Uma investigação conduzida pelo jornal Haaretz, esta sexta-feira, revelou que várias empresas israelitas continuam a vender software de espionagem a governos que violam os direitos humanos dos seus cidadãos.
Entre as várias empresas que produzem e vendem este tipo de programas estão o NSO Group e a Verint Systems. A investigação baseou-se em 100 fontes em 15 países diferentes, incluindo países onde muitos empregados destas empresas falaram ao Haaretz, na condição de anonimato. A investigação concluiu que as agências reguladoras em Israel, “que devem assegurar que os produtos não estão a ser utilizados para causas ilegais ou imorais”, não estão a impedir as vendas dos softwares aos governos, mesmo quando existem “provas evidentes de abuso”.
O Times of Israel ilustra que a empresa Verint, por exemplo, tem ajudado as autoridades em Moçambique a combater uma série de raptos ou no Botswana a impedir a caça ilegal. Mas vários ex-empregados da empresa revelaram que em países como a Indonésia o software está a ser utilizado para identificar pessoas homossexuais e de minorias religiosas, consideradas criminosas pelas autoridades.
O NSO Group, por sua vez, é conhecido pelo seu software Pegasus, capaz de aceder a qualquer dispositivo com sistemas iOS – sistema do iPhone – ou Android. A popularidade dos smartphones que possuem estes tipos de sistema tornou o software Pegasus num nome reconhecido mundialmente.
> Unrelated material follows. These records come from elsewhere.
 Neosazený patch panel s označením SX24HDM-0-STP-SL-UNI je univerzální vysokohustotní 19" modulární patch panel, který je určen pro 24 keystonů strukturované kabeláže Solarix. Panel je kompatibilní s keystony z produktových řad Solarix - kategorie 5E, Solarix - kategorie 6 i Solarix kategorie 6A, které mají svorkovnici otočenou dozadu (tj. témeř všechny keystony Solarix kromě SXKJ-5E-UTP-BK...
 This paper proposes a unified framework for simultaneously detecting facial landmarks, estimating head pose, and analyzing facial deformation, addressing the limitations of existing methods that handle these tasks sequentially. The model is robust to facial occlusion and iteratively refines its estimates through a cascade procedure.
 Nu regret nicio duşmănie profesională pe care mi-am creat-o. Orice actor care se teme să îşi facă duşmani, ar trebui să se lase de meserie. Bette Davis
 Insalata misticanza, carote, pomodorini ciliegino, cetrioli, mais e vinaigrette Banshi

Tudo o que basta para o programa se apoderar do nosso telemóvel é que o utilizador abra um link armadilhado, enviado por mensagem.
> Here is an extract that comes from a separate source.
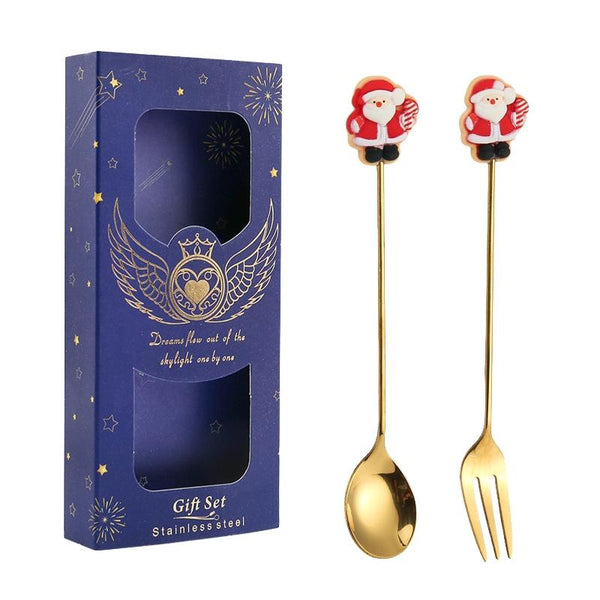 2pcs /Pack Christmas Gift Spoon Cartoon Fruit Fork Dessert Coffee Scoop, Style: Elderly (Blue Box)
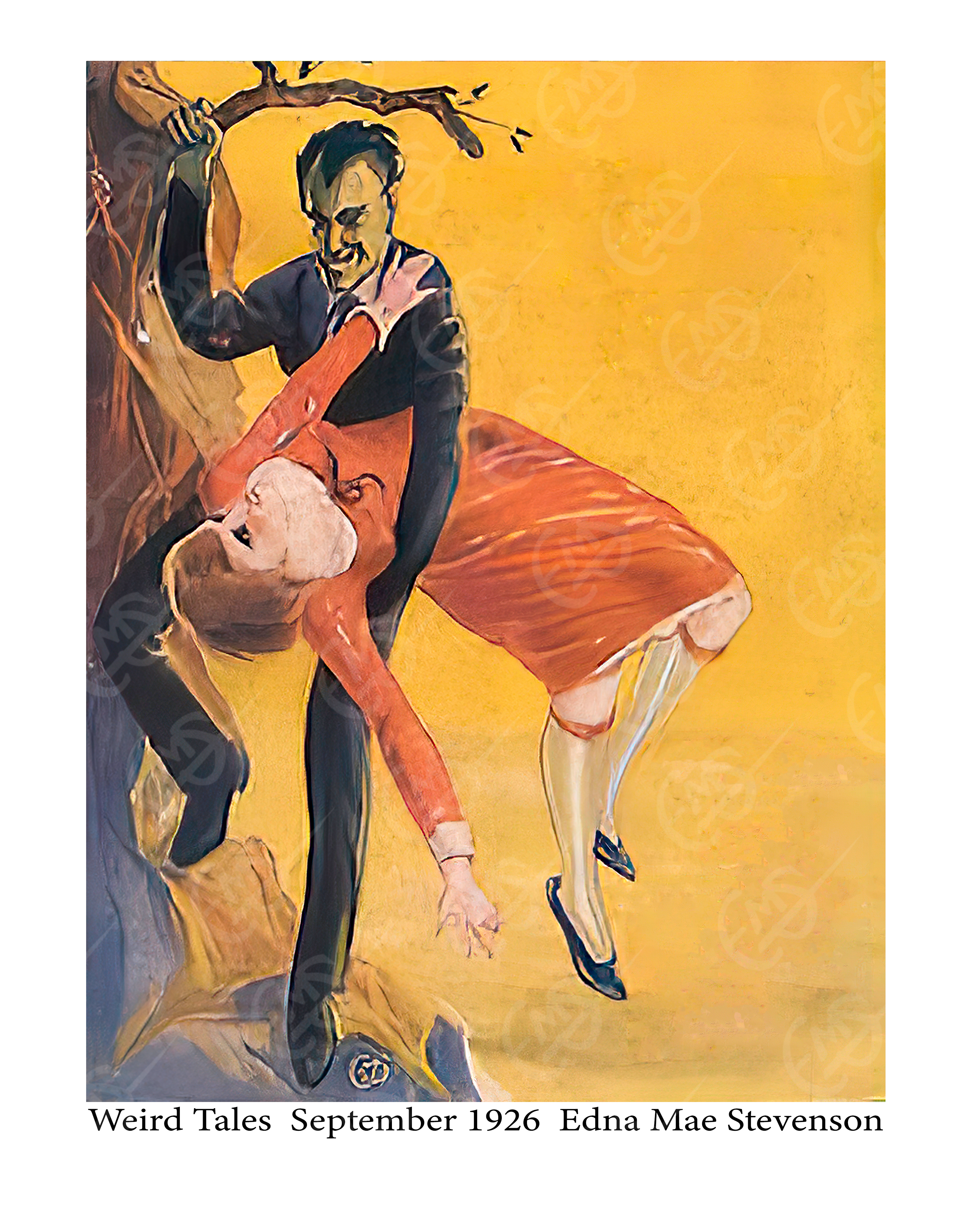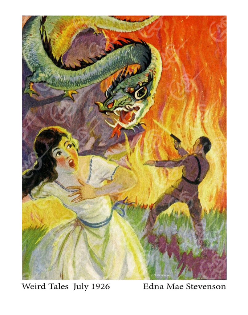 She contracted for 5 covers in 1926 for Weird Tales. At the time many magazines were making the push towards more salacious covers to attract the male audience. Considering her keen moral sense, she would do no more covers after her last cover in November 1926 (that can be found) where a young lady was naked on an altar covered by nothing but a wisp of smoke. This cover (from June 1926) is her best.

Os governos podem, assim, utilizar o Pegasus para aceder aos telemóveis dos seus cidadãos, ouvir as suas chamadas e até conversas tidas perto do telemóvel contaminado.
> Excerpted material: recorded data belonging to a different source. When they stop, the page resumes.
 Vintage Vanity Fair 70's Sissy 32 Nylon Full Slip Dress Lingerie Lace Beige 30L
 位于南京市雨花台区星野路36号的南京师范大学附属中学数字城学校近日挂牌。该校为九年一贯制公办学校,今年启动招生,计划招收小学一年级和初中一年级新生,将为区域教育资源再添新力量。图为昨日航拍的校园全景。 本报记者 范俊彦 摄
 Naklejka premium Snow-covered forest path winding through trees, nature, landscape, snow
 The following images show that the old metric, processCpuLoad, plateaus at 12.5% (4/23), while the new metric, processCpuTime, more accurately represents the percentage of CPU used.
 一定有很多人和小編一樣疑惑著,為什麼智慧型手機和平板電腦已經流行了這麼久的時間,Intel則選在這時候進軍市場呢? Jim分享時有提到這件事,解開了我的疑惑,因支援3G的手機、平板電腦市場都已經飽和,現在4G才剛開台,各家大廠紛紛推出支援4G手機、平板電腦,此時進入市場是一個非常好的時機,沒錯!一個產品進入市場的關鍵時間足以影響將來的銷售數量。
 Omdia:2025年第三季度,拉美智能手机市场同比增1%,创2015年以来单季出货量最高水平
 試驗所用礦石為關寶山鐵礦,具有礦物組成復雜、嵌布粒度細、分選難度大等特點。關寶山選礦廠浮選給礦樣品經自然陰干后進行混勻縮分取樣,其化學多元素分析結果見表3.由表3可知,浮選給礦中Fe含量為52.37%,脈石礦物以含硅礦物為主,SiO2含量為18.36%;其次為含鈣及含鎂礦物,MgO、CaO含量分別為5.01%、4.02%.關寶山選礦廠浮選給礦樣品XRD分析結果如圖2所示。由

“Eu não consigo limitar as ações do cliente”, disse um empregado que aceitou falar em condição de anonimato. “Não posso vender um Mercedes a alguém e depois dizer-lhe para conduzir apenas a 100 km/h”. “A verdade é que as empresas israelitas não sabem como os seus sistemas vão ser utilizados a partir do momento em que os vendem”, admitiu a fonte.
A empresa esclarece também que cumpre com “todo o regulamento israelita” e que apenas vende o seu produto a “aliados de Israel e nunca aos seus inimigos”, apesar de o sistema ter sido detetado em vários países do Golfo que não têm qualquer tipo de relação diplomática com Israel - como o Qatar, Bahrain e os Emirados Árabes Unidos. A empresa refere ainda que a sua tecnologia foi desenvolvida com o intuito de “combater criminosos e terroristas” e nunca para “objetivos políticos”.
Casos de utilização do "Pegasus" contra cidadãos comuns
Ainda em agosto deste ano a Amnistia Internacional denunciou que um dos seus empregados tinha sido, alegadamente, um alvo do Pegasus, como parte de uma “sofisticada campanha de vigilância”. A organização terá conseguido identificar o dominio URL – endereço que permite identificar de onde foi enviado o Pegasus – do link malicioso enviado por mensagem WhatsApp ao seu empregado.
Ahmed Mansoor, um ativista para os direitos humanos dos Emirados Árabes Unidos (EAU), recebeu uma mensagem, em agosto de 2016, que parecia ser de uma fonte credível. Ainda assim, Mansoor suspeitou de alguma coisa e enviou o seu telemóvel para a Universidade de Toronto, no Canadá, onde seria analisado por especialistas.
De acordo com essa análise, as autoridades dos EAU tinham comprado o software Pegasus do NSO Group, considerado o programa mais poderoso do mundo do seu tipo. Caso o ativista tivesse acedido ao link no seu telemóvel, o virus daría acesso a todo o conteúdo do dispositivo (mensagens, fotografias, e-mails, contactos, etc) ao comprador do Pegasus, neste caso a polícia dos EAU, assim como à câmara e a ao sistema de áudio.
O New York Times noticiou, o ano passado, que o Pegasus também estava a ser utilizado no México para espiar os telemóveis de advogados, ativistas, jornalistas e políticos que estavam a investigar os potenciais crimes cometidos pelo governo. Uma das vítimas foi um advogado que representava as famílias de 43 estudantes universitários assassinados pela polícia mexicana. Outros casos incluíram pessoas que investigavam casos de corrupção por parte de vários diretores executivos de algumas das maiores empresas nacionais.
Vários estudos alertam para o facto de a tecnologia de espionagem israelita estar, hoje, a ser utilizada por mais de 130 países, seja por entidades governamentais ou privadas, com objetivos e intenções distintas entre elas que, em última análise, ditam a forma como o software é utilizado e quem é afetado por ele.